Лариса старалась его не замечать и облазила, обыскала всю квартиру. Времени на это ушло всего полчаса, хоть и два раза подряд перерыла дом. Все егорово было на месте: и костюм, и старый костюм, и джинсы, и рубашки, и куртка. И туфли тоже. Нет, наверное так и есть. Не мог же он голый уйти. И никакой записки. Ничего. Хоть бы сказал ей кто-нибудь, в чем дело. А никого в квартире, и во дворе знакомых тоже никого, и по улице тоже шли какие-то чужие люди по своим делам, мелкие какие-то, или они только сверху такими казались, восьмой этаж потому что. Чужому в такое время не очень поверишь, но хоть бы кто сказал ей, что же это такое. Ну за что? Виновата она в чем? У всех все как у людей, а у нее муж оборотень.
Мать пришла только в седьмом, не одна пришла, привела какую-то родственницу дальнюю. Лариса ее не знала. Она вообще даже в тетках путалась, особенно от первого деда, что на север уехал. Мать с родственницей долго посудой звенькали, кофе пили, говорили о чем-то негромко. Да Лариса больно и не вслушивалась, она свое думала. Потом гостья заговорила громче — уходить собралась. А Лариса встала с дивана, выплюнула мокрый платок, вышла.
— А пусть стоит, — сказала гостья, — пусть.

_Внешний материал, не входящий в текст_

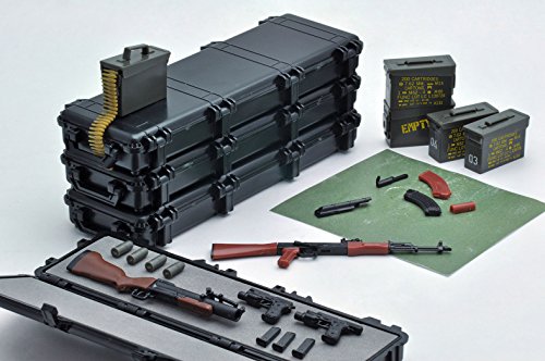 リアルさと可動フィギュアとの組み合わせを両立した1/12スケール組み立てキット「リトルアーモリー」。シリーズ初のアクセサリーアイテムとして、ライフルを収納するケースと弾薬箱のセットをモデル化します。■ライフルケース樹脂製ハードタイプのライフルケースをイメージしました。[LA001]M4A1タイプの場合だと、本体1挺+付属品が一式収納できる程度の大きさがあります。フタは開閉可能です。クッション用ウレタン(ユーザーカット式)付属。■弾薬箱米軍で長年使用されている金属製の弾薬箱をイメージしました。[LA006]M240Gタイプに付属する7.62mmベルトリンク弾が収納できます。フタの開閉も可能です。マーク用水転写デカール付属。※製品には銃器・弾薬・フィギュアなどは付属しません。※内寸(11×3×0.8cm)以上のサイズのものは収納できません。Feature

Только заявить надо.
— Куда заявить? — уточнила мать.
— Куда заявляют — в милицию. А то ведь чуть что — вы виноваты. На работе его хватятся. И еще в ЗАГС наверное надо, и в домоуправление. Ну, да это как в милиции скажут, надо — нет.

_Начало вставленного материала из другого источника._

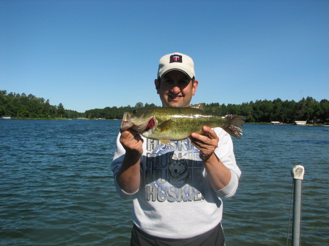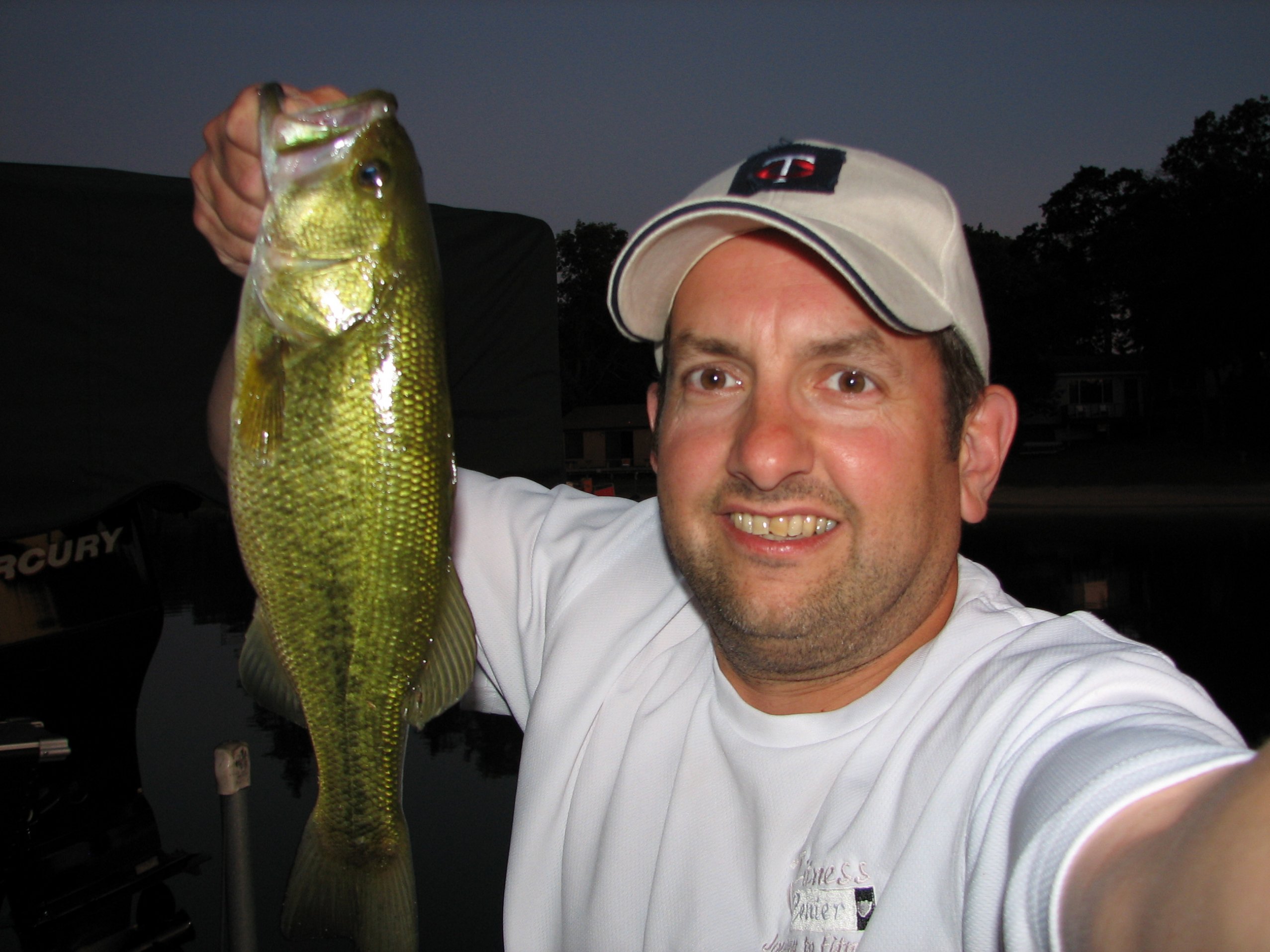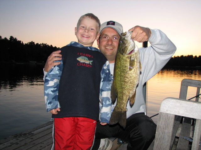 Later that night (9:15 p.m.) from the dock I bested my previous PB smallie by an ounce with this 3lb 12oz, 18" beauty using my "Ol' Bass" colored P65 Magnum Pop-R. My nephew, age 5, in the picture with me is a fish-a-holic. He is already able to cast and retrieve his own open-face reel and recently hooked and caught his first-ever solo walleye (22") while fishing with his dad. Finally, here is a self-photo of a 2lb 0oz, 14.5" LM caught on the Pop-R late Sunday night from the dock. Not a big fish, but my self-photo attempts don't usually turn out that well, so I thought this one was actually worth sharing. ![]() |

Пожилой лейтенант в жарком мундире сказал, что надо.
— В телевизор, значит. Ничего, телевизор смотреть будете.
— Мы?
— А кто, мы что ли? Хочешь, мне отдай. Зять он тебе или не зять? Ну, ты и смотри. И чего их тянет? Третий случай уже.
— В нашем районе? — поразилась мать.
— Нет, в нашем первый.
А Лариса все молчала. Написать, конечно, написала, что требовалось, а так — молчала. И на работе, и дома.

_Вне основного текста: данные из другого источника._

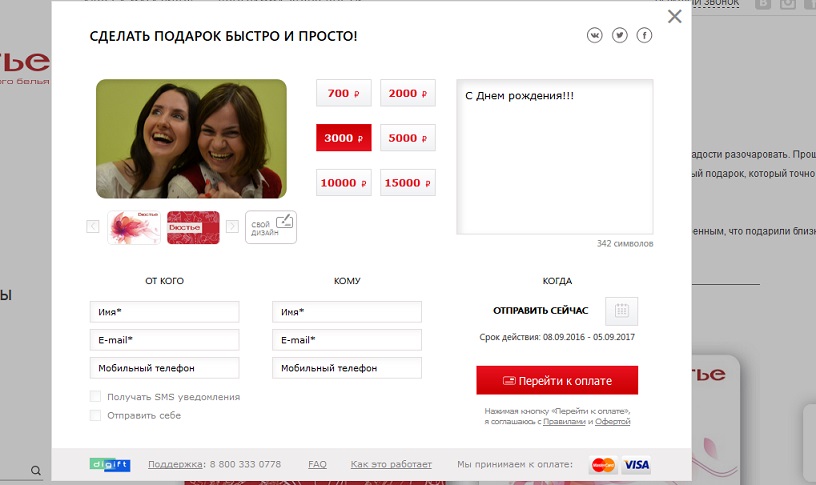 Персонализация подарка лучше всего реализована у бренда «Бюстье» - можно написать личное поздравление и не просто выбрать дизайн карты из списка предложенных, а загрузить собственную фотографию. По статистике Digift, около 30 % отправителей электронных подарочных карт пользуются данной опцией. Чем больше возможностей персонализации, тем более личным становится подарок, даже электронный.

— Ничего, — говорила мать. — Я давно взять собиралась. Теперь шубу тебе лучше возьмем. Люба из комиссионки хорошую шубу предлагала. Мех — вот такой, как волчий, а легкая. “Клуб кинопутешествий” смотреть будем, и “В мире животных”. Я люблю про Африку…
— Все не как у людей, — говорила мать, — но это еще как лучше. Вон у Любы муж глаза залил, да через дорогу, в магазин старался до восьми успеть. Машина его ударила, позвоночник повредила. Он теперь лежит, она за ним ходит. Представляешь? В квартиру зайти нельзя. Мужик здоровенный. Его же кормить надо, ему курить надо пачку в день. “Прима” — других не курит. А сдать она его не сдает. Кому лучше? Этот хоть стоит и все.
И мать включила телевизор.
Лариса смотреть не стала. С нее хватило, как включила она его тогда, одна, а там хор поет. Детский. “Я играю на гармошке”. Теперь это может и к лучшему, да как знать. Может, с ребенком легче было б. Только не вышло, не судьба. Егор как мужик вообще плохой был, за первый год, пока еще мужем не был, весь вышел. Поженились, когда он уже диплом защищать собирался. Лариса его домой привела, надоело по паркам, да и замуж за него уже думала. А мать пришла. Между прочим, Лариса как знала, что мать придет. Ну, не знала, а чувствовала, и все равно — интересно даже было, как мамаша взвоет. А он напугался, прыг на середину комнаты — и сигарету в зубы, он курил тогда, а молния на джинсах разошлась, конечно — так рвануть. И — мать в дверях стоит. Но кричать она не стала, тут Лариса ошиблась. А когда Лариса на аборт пошла, мать даже против была. Смотри, говорит, как бы хуже не вышло. Мальчик большой мог родиться, килограмма на четыре, — так врачиха сказала.